Стоять на ногах с девяти утра до восьми вечера, почти без перерыва, отрываясь только, чтобы записать в тетрадь да сбегать напротив в кухмистерскую закусить. К вечеру у силача Штернберга дрожали от усталости ноги и все плыло перед глазами. Но у астронома день на этом не кончается. И еще до часу, до половины второго ночи приводил в порядок записи, делал сложные вычисления. А в шесть утра вскакивал, чтобы вовремя быть на дежурстве. Так это летом, когда еще за звездами наблюдать трудно и главным объектом наблюдения служит солнце! А когда начнет темнеть, появится ночное звездное небо, тогда главная работа перенесется на ночь.
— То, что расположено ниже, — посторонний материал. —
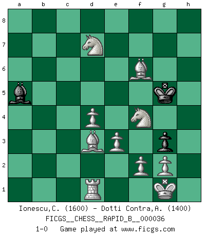 Last move : 1-0 2007 April 2 20:58:44 [Event "FICGS__CHESS__RAPID_B__000036"] [Site "FICGS"] [Date "2007.02.06"] [Round "1"] [White "Ionescu,Catalin"] [Black "Dotti Contra,Alessandro"] [Result "1-0"] [WhiteElo "1600"] [BlackElo "1400"] 1.d4 d5 2.c4 e6 3.Nc3 Nf6 4.Bg5 Bb4 5.cxd5 exd5 6.e3 O-O 7.Qb3 Nc6 8.a3 Ba5 9.Bd3 h6 10.Bh4 Be6 11.Qxb7 Rb8 12.Qxc6 Rxb2 13.Nge2 Qe7 14.O-O Rd2 15.Rfd1 Rxd1+ 16.Rxd1 g5 17.Bg3 Rb8 18.Nb5 a6 19.Nxc7 Qd7 20.Qxd7 Bxd7 21.Nxd5 Rb3 22.Nxf6+ Kg7 23.Nxd7 Rxa3 24.Bxa6 f6 25.h3 h5 26.Bd6 Kg6 27.Bxa3 g4 28.Nf4+ Kf5 29.hxg4+ hxg4 30.Bd3+ Kg5 31.Be7 g3 32.Bxf6+ 1-0 QGD : 4.Bg5 Kingside Castling by player Black (move 6) Kingside Castling by player White (move 14) Player White won this chess game. Follow this game move after move (download)The blunders are all there on the board, waiting to be made. (Savielly Tartakover) Intelligenz läßt sich nicht am Weg, sondern nur am Ergebnis feststellen. (Garry Kasparov) Si tu oponente no puede hacer nada activo, entonces no apures la posición; En vez de eso, dejalo estar sentado ahí, sufriendo y rogandote por un empate. (Jeremy Silman) La tactique est l'élément le plus important du milieu de jeu. (Siegbert Tarrasch) Faith : not wanting to know what is true. (Friedrich Nietzsche)

И в следующие летние каникулы остался в Москве. И уж вовсе был счастлив, когда получил разрешение переехать на жительство в маленький хозяйственный флигель обсерватории. Кроме всего прочего, какая экономия на ботинках! Ходить-то надо было пешком. Денег не хватало не только на конку, не всегда и на марки для писем домой. Товарищи над ним посмеивались, считали его скуповатым из-за того, что не бегал с сокурсниками в пивнушку, не бродил со студенческой компанией по Козихе, не танцевал на студенческих балах. Штернберг ничего этого не мог себе позволить. Иногда выкраивал копейки на то, чтобы купить самый дешевый билет на симфонический концерт.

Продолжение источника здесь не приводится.